Hi.
I'm trying to setup SAML following this guide. I patched and restarted nginx but I still only get
zx path API error
when trying to access /zx/auth/samlMetadata?domain=domain.it
Zextras 3.5.0, Zimbra 9 by Zextras.
I haven't found any error in mailbox.log.
What could it be?
thanks
P.S. I think this page is outdated and should be removed.
Hello @maxxer,
Thank you for contacting us and for the suggestion regarding the documentation, we are currently reviewing it and on the meantime please allow me to share a couple articles that I hope you may find them interesting:
Zextras Suite - Added Features to Auth: https://community.zextras.com/zextras-suite-3-1-11-added-features-to-zextras-auth/
Improve the security using Zextras 2FA: https://community.zextras.com/improve-the-security-using-zextras-2fa/
On our recent experience the most common motives for this issue would be missing parameters in the server configurations, specially `zimbraAuthMech` and `zimbraWebClientLoginURL` parameters.

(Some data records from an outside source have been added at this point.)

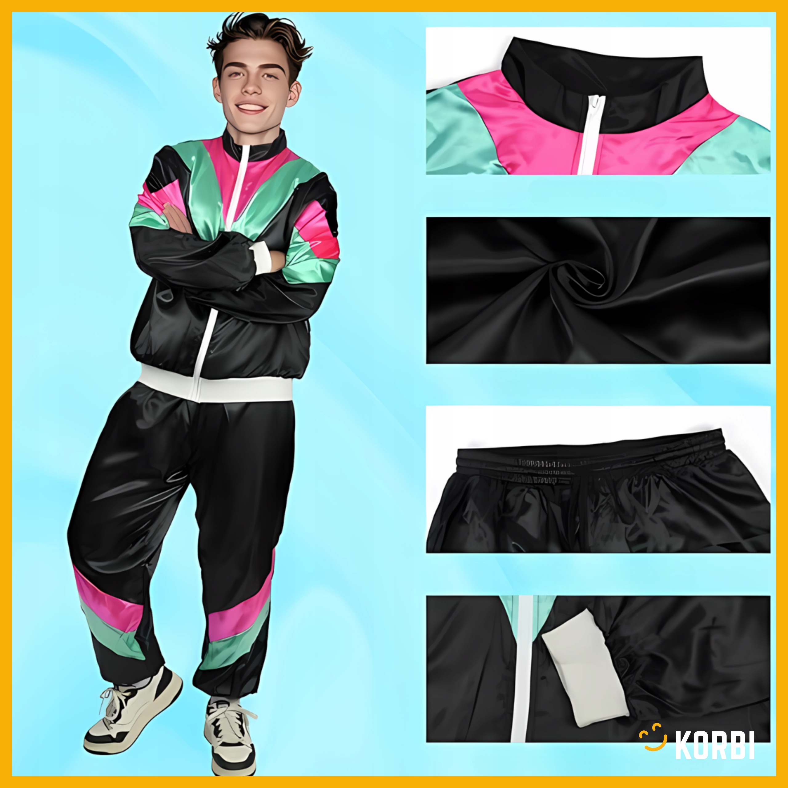Stylowy i wygodny strój w klimacie lat 80. To idealna propozycja na imprezy tematyczne, bale przebierańców, wieczory panieńskie czy karnawał. Czarne dresy z charakterystycznymi detalami przywołują ducha złotej ery hip-hopu i klubowych rytmów disco. W tym przebraniu bez trudu wcielisz się w postać tancerza, rapera lub fana ulicznego stylu retro.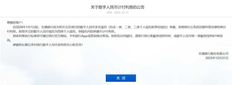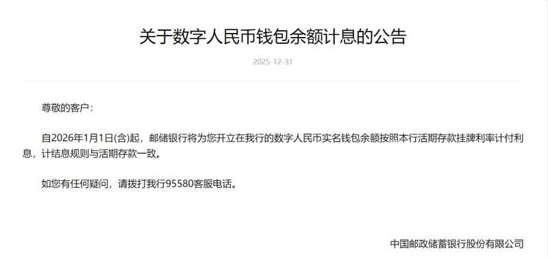 工行、农行、建行、交行、邮储银行均发布公告称,自2026年1月1日起,银行将为客户开立的数字人民币实名钱包余额按照本行活期存款挂牌利率计付利息,计结息规则与活期存款一致。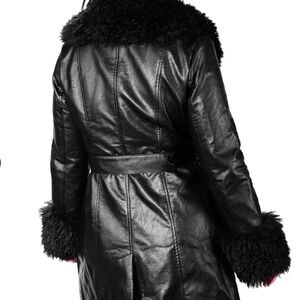 Soft and shiny black vegan leather with the softest black faux fur trim on the collar/lapels and cuffs.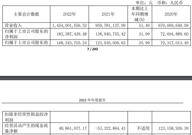 航宇科技2022年年度报告显示,2022年,航宇科技实现营业收入14.54亿元,同比增长51.49%;归属于上市公司股东的净利润1.83亿元,同比增长31.99%;归属于上市公司股东的扣除非经常性损益的净利润1.69亿元,同比增长35.99%;经营活动产生的现金流量净额4886.11万元,2021年同期该数据为-5332.29万元。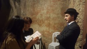 Che cos’era, nello specifico, il Borgo dei Delitti? Per chi ha giocato a Cluedo, è molto facile fa capire. Gli organizzatori hanno preparato una storia di crimine e mistero, in cui tutti i partecipanti (circa 35, suddivisi in sette squadre provenienti da tutta la provincia) dovevano svolgere un’indagine per scoprire il colpevole dell’omicidio e del furto di un libro prezioso. L’indagine si svolgeva lungo i vicoli del centro storico di Torrita di Siena, alla ricerca di indizi predisposti dagli organizzatori o interagendo con i gli altri personaggi, interpretati da bravissimi attori dell’associazione Rizes che si erano preparati a dovere, in un misto di fedeltà al copione e di improvvisazione teatrale. Vestiti nei costumi dell’epoca (l’indagine era ambientata nell’Italia degli anni ’30) e fedeli alle caratteristiche culturali e sociali del periodo, gli investigatori hanno interagito con il commissario, la vedova, il banchiere, il farmacista e tanti altri personaggi. Alla fine del gioco, la squadra che è riuscita a comprendere i dettagli della vicenda e a smascherare il colpevole dell’omicidio si è conquistata la vittoria.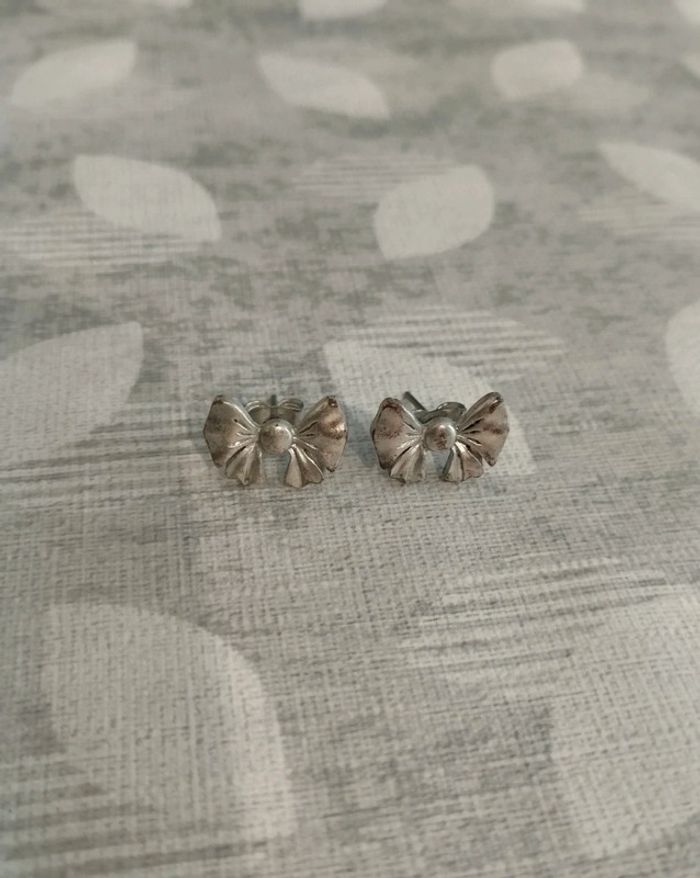 Boucles d'oreilles petits noeuds argentés. Très bon état
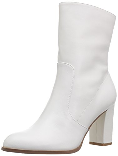 -. Feature : White leather mid-calf bootie with block heel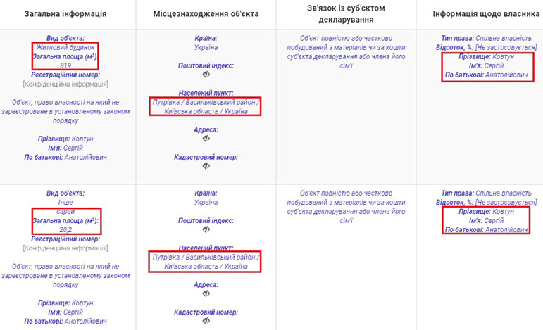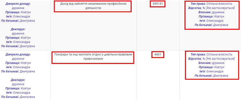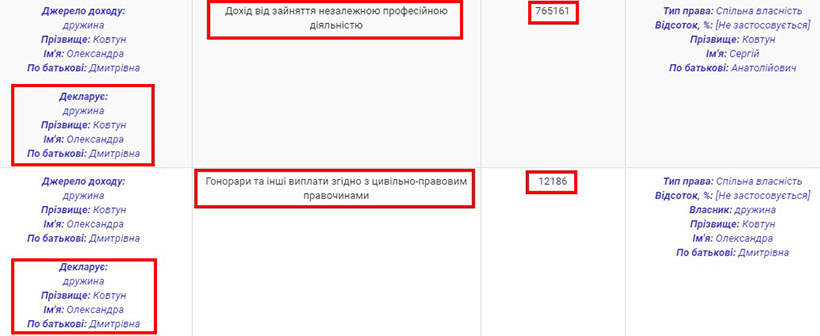 Ми проаналізували декларації Сергія Ковтуна за 2014201520162017 роки, а також форми змін до них. Сергій Анатолійович декларує заробітну плату з процентами від банківських вкладів, а дружина – дохід від нотаріальної діяльності. Її сумарний прибуток за три роки склав 2 476 878 грн.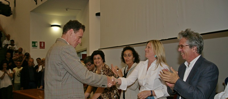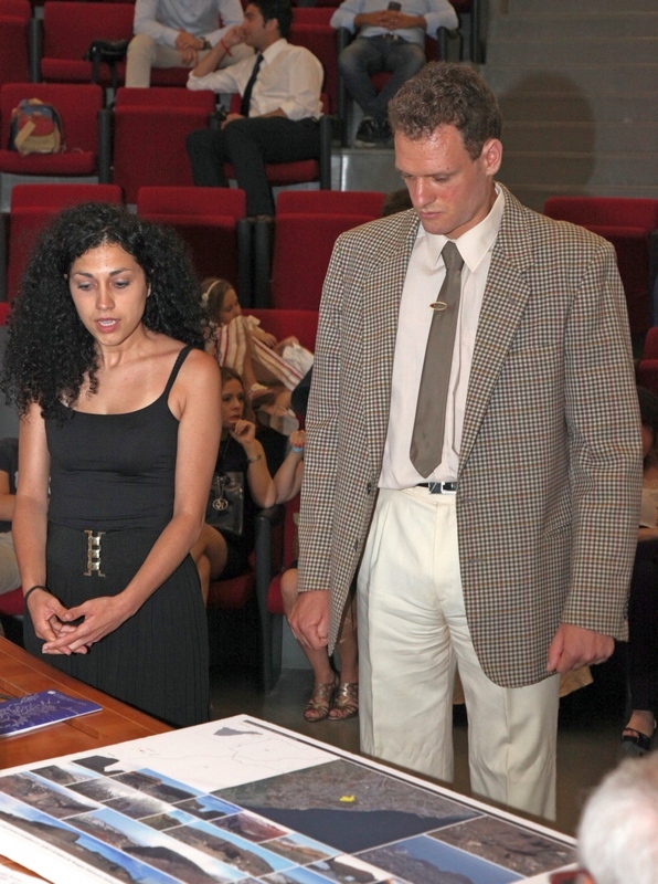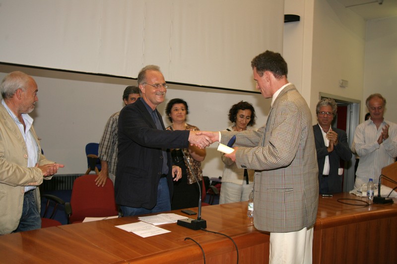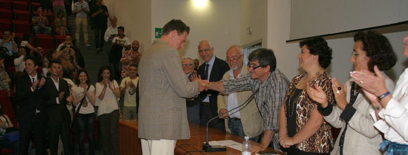 La cerimonia si è svolta a chiusura della seduta di laurea condotta dalla commissione – composta dai proff. G. Donin (pres.), V. Amadio, M. Arena, D. Colafranceschi, G. Ginex, A. Monaco e C. Trombetta – che ha seguito la discussione della tesi di Alberto D’Angelo dal titolo “Il parco della montagna del Taco a Tenerife” (rel. prof. Colafranceschi, correl. arch. Condurso) proclamandolo dottore in Architettura con la votazione di 110/110 e lode. La premiazione si è svolta dinnanzi ad un’aula magna gremita che, dopo aver applaudito i 13 nuovi dottori in architettura, ha tributato ad Alberto una interminabile ovazione.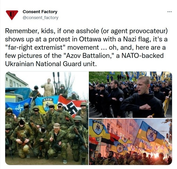 De Nazi' s hebben inderdaad zowat 8 miljoen Oekraieners uitgemoord tussen 1942 en1945 en dat weten die Azov-bataljon jongens uiteraard ook. Dat is basis geschiedenisles in Oekraiene over de Grote Patriottische oorlog. En met dat symbool zouden ze volgens jou dan aangeven dat zij, als volbloed Oekraiense nationalisten, voor wie het Oekraiense volk heilig is, zichzelf als klassieke nazi's identificeren en dus prat gaan op het vermoorden van het EIGEN Oekraiense volk (vroeger en eventueel ook nu?) Wat klopt er niet? Laatst gewijzigd door parcifal : 25 februari 2022 om 14:39. |
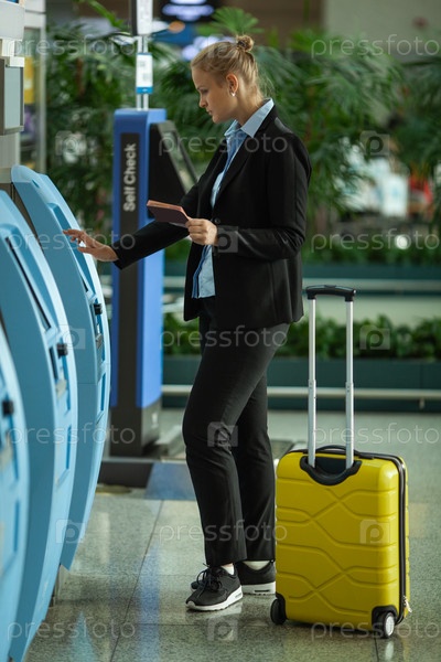 Молодая светловолосая женщина в аэропорту возле терминала самопроверки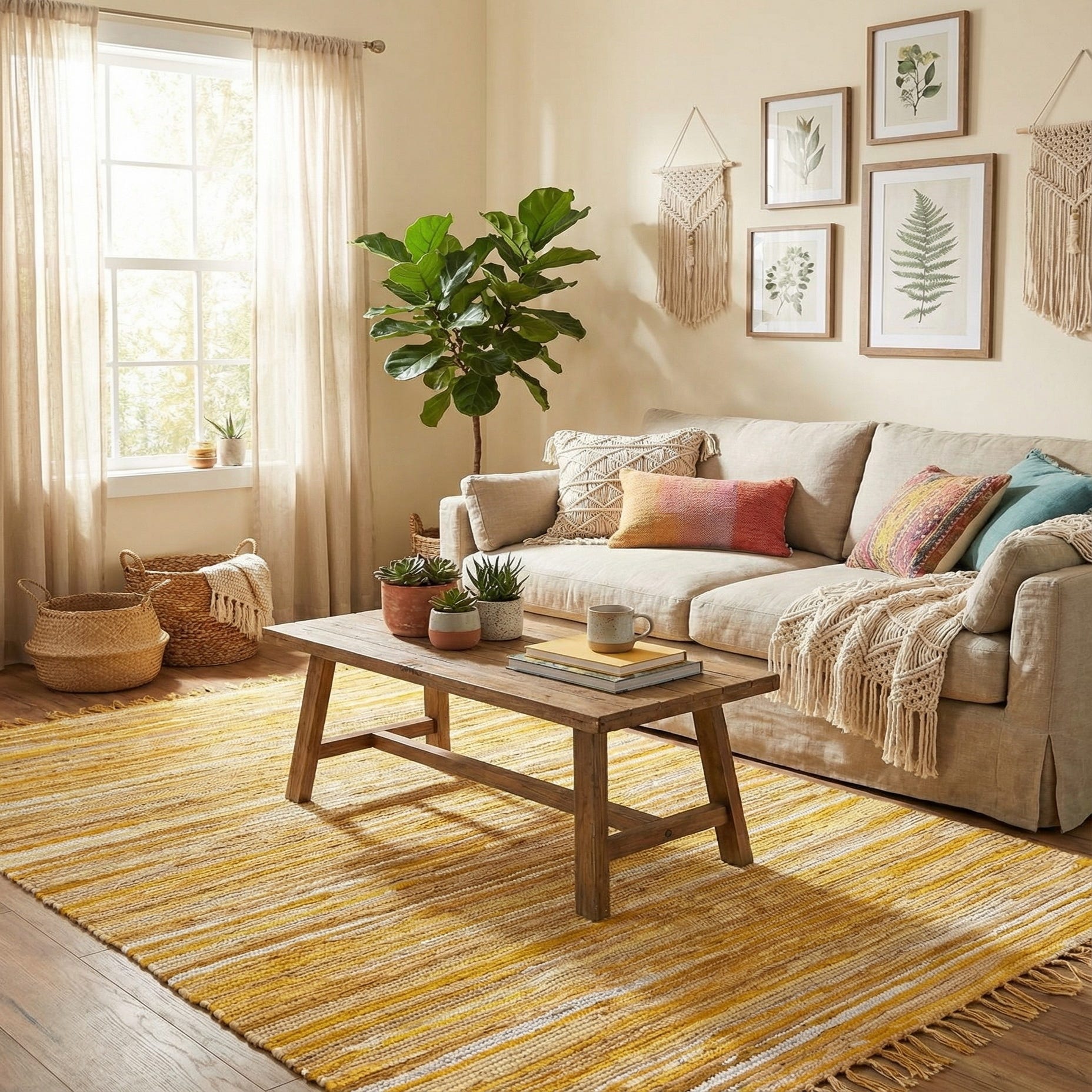 This rug works well in smaller spaces where texture and color can lift the room — place it in an entryway, kitchen, sunroom, or layered beneath a low coffee table. It pairs naturally with light wood tones, white or neutral upholstery, and woven accessories, and complements coastal, farmhouse, Scandinavian, and relaxed bohemian interiors.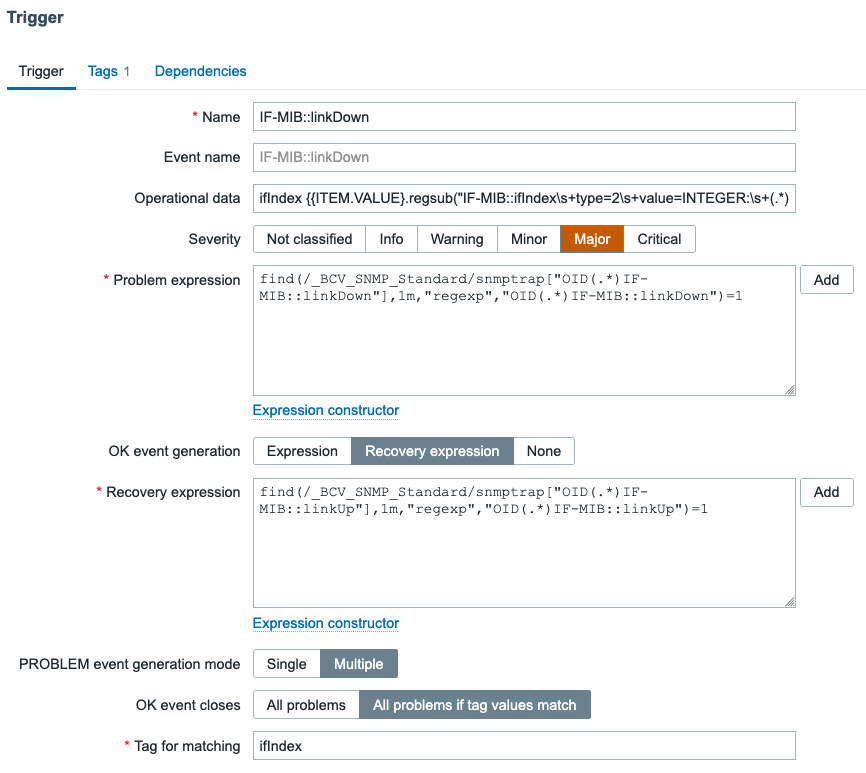 Just asking for assist as to what would cause Recovery Expression to not recognize event tags in Trigger Correlation. I do know the Problem Expression needs to be FALSE before the Recovery Expression can evaluate as TRUE. My thinking is if using the find() function that when a Recovery Expression is evaluated outisde the default 30 seconds then the Problem Expression will be FALSE. I am just at a loss as to why recovery does not recognize and close associated tag "ifIndex".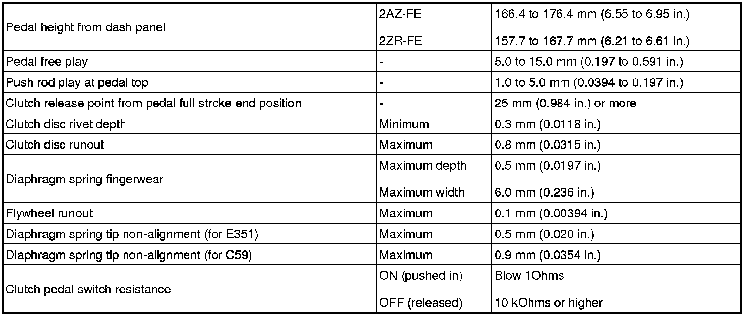 SPECIFICATIONS: CLUTCH: SERVICE DATA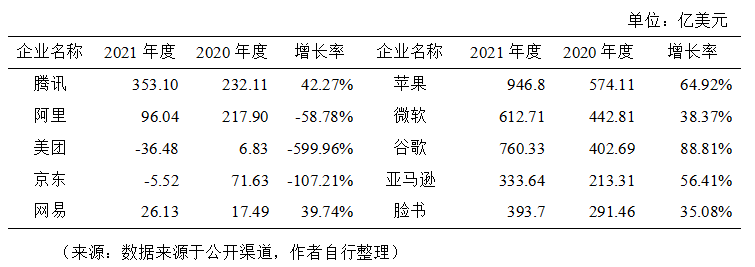 近年來我國數(shù)字經(jīng)濟規(guī)模整體呈現(xiàn)持續(xù)擴大趨勢,2005年我國數(shù)字經(jīng)濟規(guī)模為2.6萬億元,2021年擴張至45.5萬億元,在GDP中占比由14.2%提升至39.8%,市場規(guī)模位居全球第二,已經(jīng)成為名副其實的數(shù)字經(jīng)濟“大國”。然而,當(dāng)前面臨的數(shù)字經(jīng)濟增速放緩、頭部平臺企業(yè)市值下滑、營收不高、利潤率下滑、新增獨角獸企業(yè)數(shù)量下降等現(xiàn)象暴露出我國數(shù)字經(jīng)濟發(fā)展動能有所減弱,需引起高度重視。 01 數(shù)字經(jīng)濟創(chuàng)新發(fā)展動能減弱的幾個表現(xiàn) (一)數(shù)字經(jīng)濟增速出現(xiàn)放緩。近年來,在全球地緣局勢緊張、疫情反復(fù)及強監(jiān)管的影響下,我國數(shù)字經(jīng)濟的增長勢頭出現(xiàn)了放緩。數(shù)據(jù)表明,2014年~2018年間,我國數(shù)字經(jīng)濟的平均增速接近20%,2019年~2021年間,數(shù)字經(jīng)濟的平均增速為13.8%,尤其是2020年,增速僅為9.6%,較上一年下滑5.9個百分點。2021年同比名義增長16.2%,但與2017~2018年間連續(xù)維持20%以上的名義增速,2002年~2018年間實現(xiàn)了208倍的歷史跨越相比,仍存在下滑趨勢。 圖1 2014-2021年我國數(shù)字經(jīng)濟增速 來源:數(shù)據(jù)來源于公開渠道,作者自行整理 (二)頭部數(shù)字平臺企業(yè)市值下滑嚴(yán)重。截至2022年3月底,我國平臺企業(yè)中市值排名前5位的依次是騰訊、阿里、美團、京東和網(wǎng)易,其中騰訊市值4594億美元,同比下降39.78%,阿里市值2949億美元,同比下降52.59%,美團市值1228億美元,同比下降46.32%,下滑幅度均超過三分之一。美國平臺企業(yè)中市值排名前5位的依次是蘋果、微軟、谷歌、亞馬遜和臉書,其中蘋果市值28500億美元,同比上漲38.96%,微軟市值23110億美元,同比上漲29.98%,谷歌市值18420億美元,同比上漲32.23%,上漲幅度均超過四分之一。過去的一年間,中美互聯(lián)網(wǎng)平臺企業(yè)的市值差距越來越大。 表1 中美前5大數(shù)字平臺企業(yè)市值對比 (三)頭部數(shù)字平臺企業(yè)營收整體不高。營業(yè)收入方面,2021年度我國平臺企業(yè)營收實現(xiàn)增長。其中京東營業(yè)收入1475.01億美元,同比增長27.59%,阿里營業(yè)收入1322.33億美元,同比增長18.93%,騰訊營業(yè)收入868.17億美元,同比增長16.19%;美國平臺企業(yè)中亞馬遜營業(yè)收入4698億美元,同比增長21.7%,蘋果營業(yè)收入3658億美元,同比增長33.44%,谷歌營業(yè)收入2575億美元,同比增長41.21%。我國京東、阿里的營業(yè)收入均不足亞馬遜的三分之一,且我國前5大平臺企業(yè)差距較大,美團和網(wǎng)易的營業(yè)收入僅為277.61億美元和135.79億美元,我國前5大平臺企業(yè)的平均營業(yè)收入不足美國前5大平臺企業(yè)的30%。 表2 中美前5大數(shù)字平臺企業(yè)營業(yè)收入對比 (四)頭部數(shù)字平臺企業(yè)利潤出現(xiàn)持續(xù)下滑。利潤方面,2021年度我國平臺企業(yè)利潤下滑嚴(yán)重,其中美團和京東出現(xiàn)了凈虧損。具體來看,美團虧損36.48億美元,同比下降599.96%,京東虧損5.52億美元,同比下降107.21%,阿里凈利潤為96.04億美元,同比下降58.78%;美國平臺企業(yè)中蘋果凈利潤946.8億美元,同比增長64.92%,谷歌凈利潤760.33億美元,同比增長88.81%,微軟凈利潤612.71億美元,同比增長38.37%,亞馬遜和臉書的凈利潤均超過300億美元。我國前5大平臺企業(yè)的平均凈利潤不足美國前5大平臺企業(yè)的15%。 表3 中美前5大數(shù)字平臺企業(yè)利潤對比 (五)頭部數(shù)字平臺企業(yè)營收結(jié)構(gòu)側(cè)重消費者業(yè)務(wù)。收入結(jié)構(gòu)方面,我國前5大平臺企業(yè)更依賴電商、游戲、外賣等面向消費者的業(yè)務(wù),企業(yè)營收仍集中在國內(nèi)市場,美國前5大平臺企業(yè)更依賴智能云服務(wù)、硬件服務(wù)和電商,面向更廣闊的全球市場。 表4 中美前5大平臺企業(yè)收入結(jié)構(gòu)對比 (六)獨角獸企業(yè)數(shù)量增長明顯減速。無論是獨角獸企業(yè)的新增數(shù)量還是準(zhǔn)獨角獸企業(yè)的形成數(shù)量,我國都滯后于美國甚至印度。2018年以來的中美貿(mào)易摩擦以及2021年初以來的平臺經(jīng)濟“強監(jiān)管”政策都加速了新增獨角獸公司的數(shù)量的全球分化。根據(jù)最新榜單,中國的新興獨角獸公司有27家,落后于印度的32家,2021年中國新增獨角獸企業(yè)僅3家,明顯落后于美國的132家。在全球數(shù)字經(jīng)濟的競爭格局中“不進則退”。 圖2 2010~2021年中美新增獨角獸企業(yè)對比 來源:數(shù)據(jù)來源于公開渠道,作者自行整理 02 正確認識和把握數(shù)字經(jīng)濟的幾個關(guān)系 (一)在持續(xù)發(fā)展中實現(xiàn)安全。面對安全和發(fā)展,要把發(fā)展擺在首位,是第一要務(wù),通過發(fā)展來解決安全問題。從國際競爭的角度來說,數(shù)字經(jīng)濟發(fā)展放緩就意味著國家的安全隱患增加。涉及個人隱私和國家信息安全的問題,可以利用技術(shù)發(fā)展來尋求解決的辦法,比如區(qū)塊鏈就在智能合約中發(fā)揮著重要作用,區(qū)塊鏈技術(shù)把可能出現(xiàn)的造假都從技術(shù)上堵住了,又如保護個人隱私問題,有了隱私計算技術(shù)就可以實現(xiàn)對數(shù)據(jù)“可用而不可見”,既保護個人隱私又讓數(shù)據(jù)得以流通和使用。故而,當(dāng)經(jīng)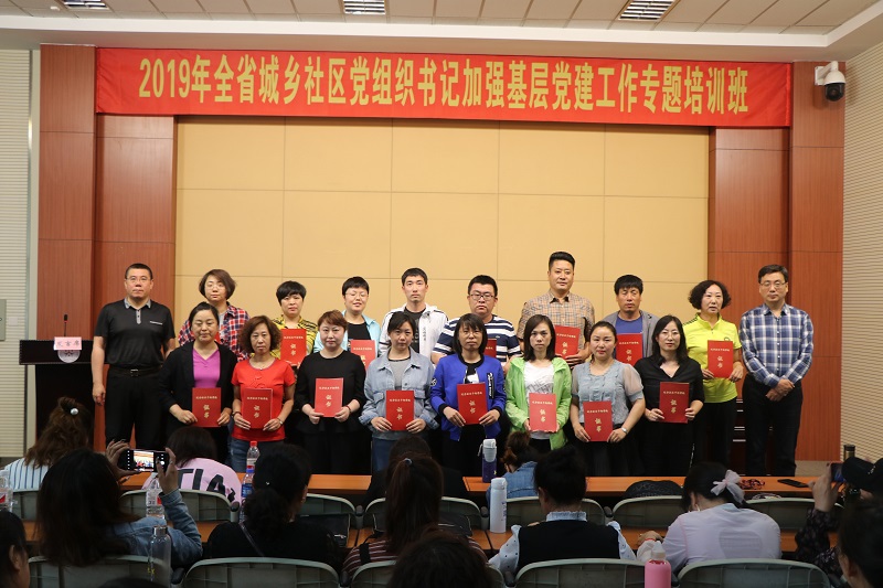 5月17日10:30,2019年全省城乡社区党组织书记第七期(总75)培训班结业仪式在东北大学机电学馆201室举行,辽宁社区干部学院副院长、文法学院党委书记张雷教授,辽宁社区干部学院办公中心主任、文法学院副院长隋永强同志,参加了本次结业仪式,仪式由陈玉芬主持。

Domain settings can also affect this scenario and we can verify it through the output of this command:
* `for dom in $(zmprov gad); do zmprov gd $dom zimbraPublicServiceProtocol zimbraPublicServiceHostname zimbraPublicServicePort zimbraAuthMech zimbraWebClientLoginURL; done`
Bellow is an command example that can be used to change the parameters mentioned:
* `zmprov md DOMAIN.TDL zimbraPublicServiceProtocol PROTOCOL zimbraPublicServiceHostname HOSTNAME zimbraPublicServicePort PORT zimbraAuthMech AUTHMECHTYPE zimbraWebClientLoginURL CLIENTLOGINPAGE`
Please remember to substitute the values according to your needs (e.g. `zmprov md example.com zimbraPublicServiceProtocol https zimbraPublicServiceHostname mail.example.com zimbraPublicServicePort 443 zimbraAuthMech custom:zx zimbraWebClientLoginURL /zx/login/page/`)
Hope that you will find this information helpful, please let us know if we can assist you further.